_Recorded data_.
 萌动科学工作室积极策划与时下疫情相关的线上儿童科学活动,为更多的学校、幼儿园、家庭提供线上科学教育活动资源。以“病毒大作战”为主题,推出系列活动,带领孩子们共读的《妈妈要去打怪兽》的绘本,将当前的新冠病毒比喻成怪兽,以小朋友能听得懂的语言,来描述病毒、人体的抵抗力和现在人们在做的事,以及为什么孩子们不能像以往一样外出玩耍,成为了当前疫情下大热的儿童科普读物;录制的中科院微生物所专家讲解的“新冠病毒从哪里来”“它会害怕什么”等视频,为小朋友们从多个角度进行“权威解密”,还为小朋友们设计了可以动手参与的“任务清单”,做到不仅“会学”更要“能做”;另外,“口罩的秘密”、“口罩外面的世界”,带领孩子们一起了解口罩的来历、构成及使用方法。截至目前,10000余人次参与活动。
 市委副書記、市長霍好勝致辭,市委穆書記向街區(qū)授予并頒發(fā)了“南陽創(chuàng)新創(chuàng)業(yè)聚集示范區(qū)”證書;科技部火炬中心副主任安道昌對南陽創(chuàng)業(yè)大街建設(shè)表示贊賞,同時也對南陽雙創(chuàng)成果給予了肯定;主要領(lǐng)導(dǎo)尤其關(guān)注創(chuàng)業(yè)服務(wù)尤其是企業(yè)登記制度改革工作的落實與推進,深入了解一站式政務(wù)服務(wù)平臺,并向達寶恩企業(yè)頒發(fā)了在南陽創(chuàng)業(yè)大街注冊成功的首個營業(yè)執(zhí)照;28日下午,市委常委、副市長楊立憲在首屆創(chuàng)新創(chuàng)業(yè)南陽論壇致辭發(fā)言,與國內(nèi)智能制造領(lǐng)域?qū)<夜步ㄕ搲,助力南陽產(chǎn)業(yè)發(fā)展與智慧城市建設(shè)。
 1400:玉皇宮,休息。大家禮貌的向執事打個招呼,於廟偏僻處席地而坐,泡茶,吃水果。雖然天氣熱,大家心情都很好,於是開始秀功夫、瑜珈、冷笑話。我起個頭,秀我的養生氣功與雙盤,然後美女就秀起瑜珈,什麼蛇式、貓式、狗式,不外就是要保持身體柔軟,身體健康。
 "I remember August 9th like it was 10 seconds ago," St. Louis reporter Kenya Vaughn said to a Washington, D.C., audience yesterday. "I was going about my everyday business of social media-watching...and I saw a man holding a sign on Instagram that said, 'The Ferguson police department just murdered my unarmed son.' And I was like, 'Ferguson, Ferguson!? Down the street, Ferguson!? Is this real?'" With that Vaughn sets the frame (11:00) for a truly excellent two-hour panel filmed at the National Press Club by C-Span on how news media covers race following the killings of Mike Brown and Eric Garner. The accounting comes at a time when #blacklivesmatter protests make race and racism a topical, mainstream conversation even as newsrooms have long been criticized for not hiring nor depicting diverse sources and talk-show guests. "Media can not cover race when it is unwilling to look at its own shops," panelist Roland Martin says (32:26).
--
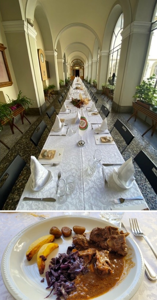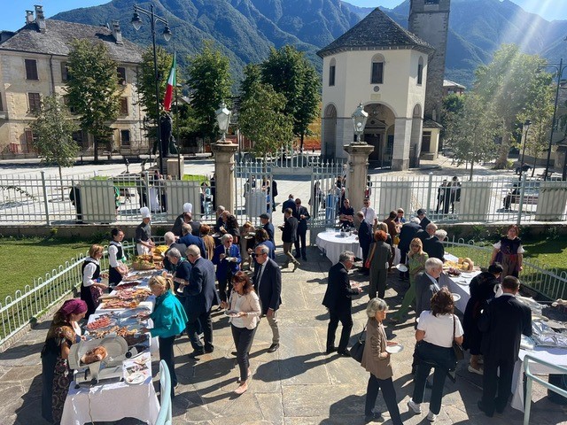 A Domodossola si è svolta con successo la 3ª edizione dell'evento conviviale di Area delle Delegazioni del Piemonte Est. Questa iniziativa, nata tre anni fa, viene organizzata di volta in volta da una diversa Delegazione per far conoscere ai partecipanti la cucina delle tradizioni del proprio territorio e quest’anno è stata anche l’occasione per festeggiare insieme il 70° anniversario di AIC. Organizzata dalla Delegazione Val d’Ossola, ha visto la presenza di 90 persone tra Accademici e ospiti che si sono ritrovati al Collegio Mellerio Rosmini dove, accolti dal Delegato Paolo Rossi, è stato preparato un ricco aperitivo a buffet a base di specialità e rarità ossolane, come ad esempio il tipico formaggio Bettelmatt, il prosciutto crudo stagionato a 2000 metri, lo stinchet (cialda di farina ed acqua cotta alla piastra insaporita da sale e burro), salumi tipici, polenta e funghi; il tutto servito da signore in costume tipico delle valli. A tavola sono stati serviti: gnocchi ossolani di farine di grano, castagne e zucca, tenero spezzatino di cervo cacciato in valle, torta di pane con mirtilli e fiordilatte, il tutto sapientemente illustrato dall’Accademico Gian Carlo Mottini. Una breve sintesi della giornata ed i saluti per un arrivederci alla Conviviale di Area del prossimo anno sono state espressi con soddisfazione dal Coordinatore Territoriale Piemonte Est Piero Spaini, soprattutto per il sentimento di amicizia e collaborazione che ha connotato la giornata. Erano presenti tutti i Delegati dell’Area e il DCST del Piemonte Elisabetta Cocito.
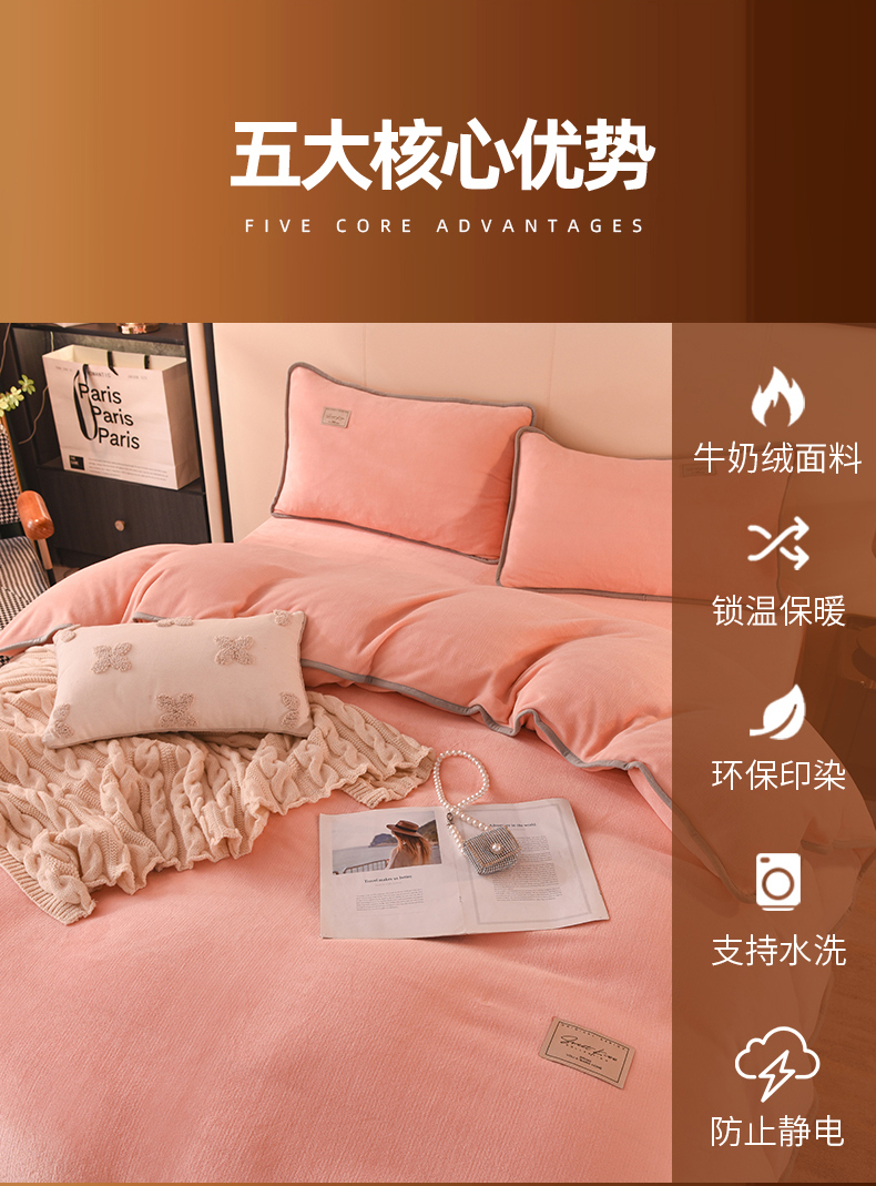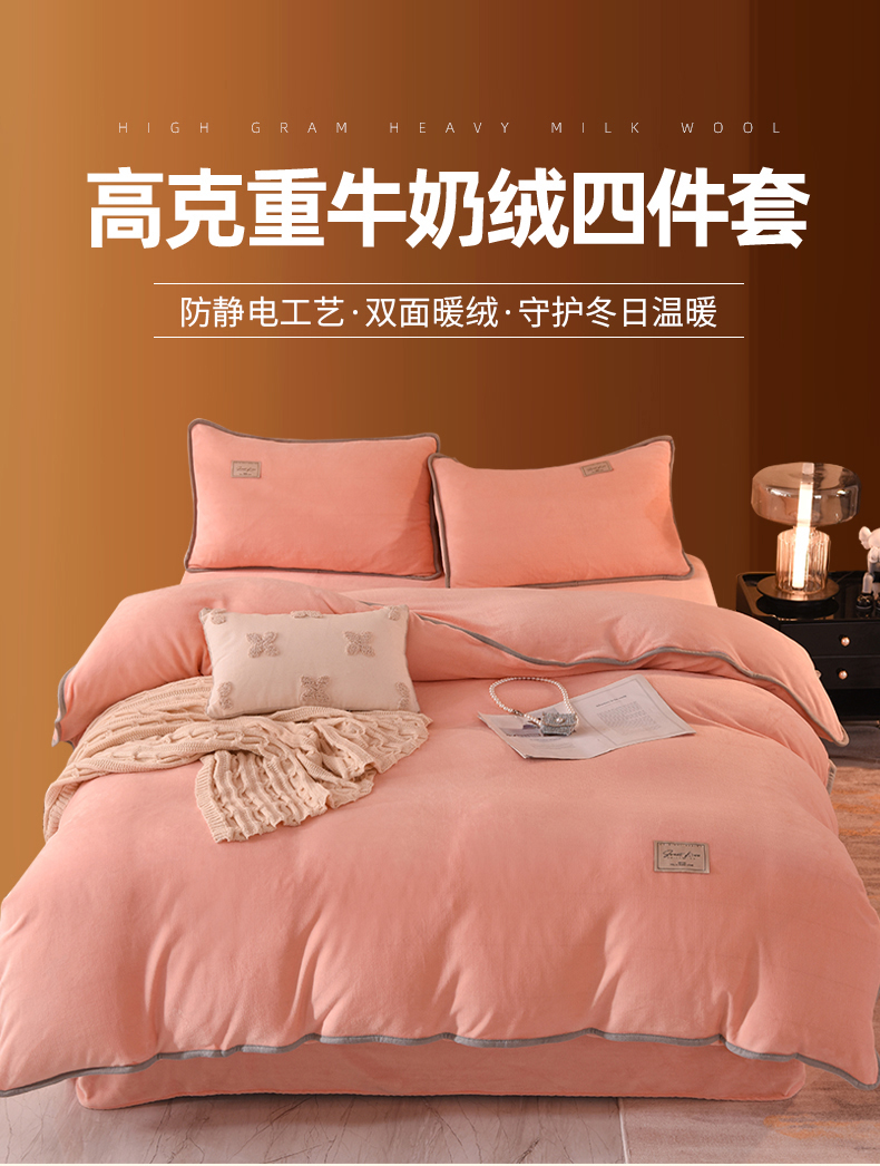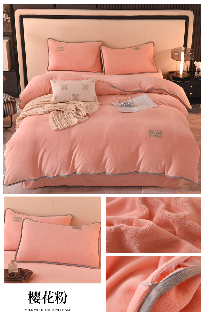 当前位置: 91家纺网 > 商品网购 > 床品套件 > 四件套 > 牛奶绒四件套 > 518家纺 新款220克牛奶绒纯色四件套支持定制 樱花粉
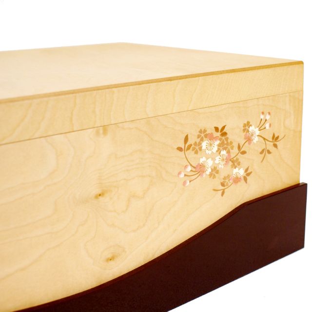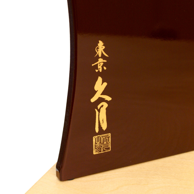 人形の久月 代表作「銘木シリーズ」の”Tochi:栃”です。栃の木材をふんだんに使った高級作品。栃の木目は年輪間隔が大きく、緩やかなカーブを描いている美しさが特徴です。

_Your assignment_.
Output the material above exactly, but only from the line that carries "1400:玉皇宮,休息。大家" through the line that carries "Martin says (32:26).".

_Result of the task_.
 1400:玉皇宮,休息。大家禮貌的向執事打個招呼,於廟偏僻處席地而坐,泡茶,吃水果。雖然天氣熱,大家心情都很好,於是開始秀功夫、瑜珈、冷笑話。我起個頭,秀我的養生氣功與雙盤,然後美女就秀起瑜珈,什麼蛇式、貓式、狗式,不外就是要保持身體柔軟,身體健康。
 "I remember August 9th like it was 10 seconds ago," St. Louis reporter Kenya Vaughn said to a Washington, D.C., audience yesterday. "I was going about my everyday business of social media-watching...and I saw a man holding a sign on Instagram that said, 'The Ferguson police department just murdered my unarmed son.' And I was like, 'Ferguson, Ferguson!? Down the street, Ferguson!? Is this real?'" With that Vaughn sets the frame (11:00) for a truly excellent two-hour panel filmed at the National Press Club by C-Span on how news media covers race following the killings of Mike Brown and Eric Garner. The accounting comes at a time when #blacklivesmatter protests make race and racism a topical, mainstream conversation even as newsrooms have long been criticized for not hiring nor depicting diverse sources and talk-show guests. "Media can not cover race when it is unwilling to look at its own shops," panelist Roland Martin says (32:26).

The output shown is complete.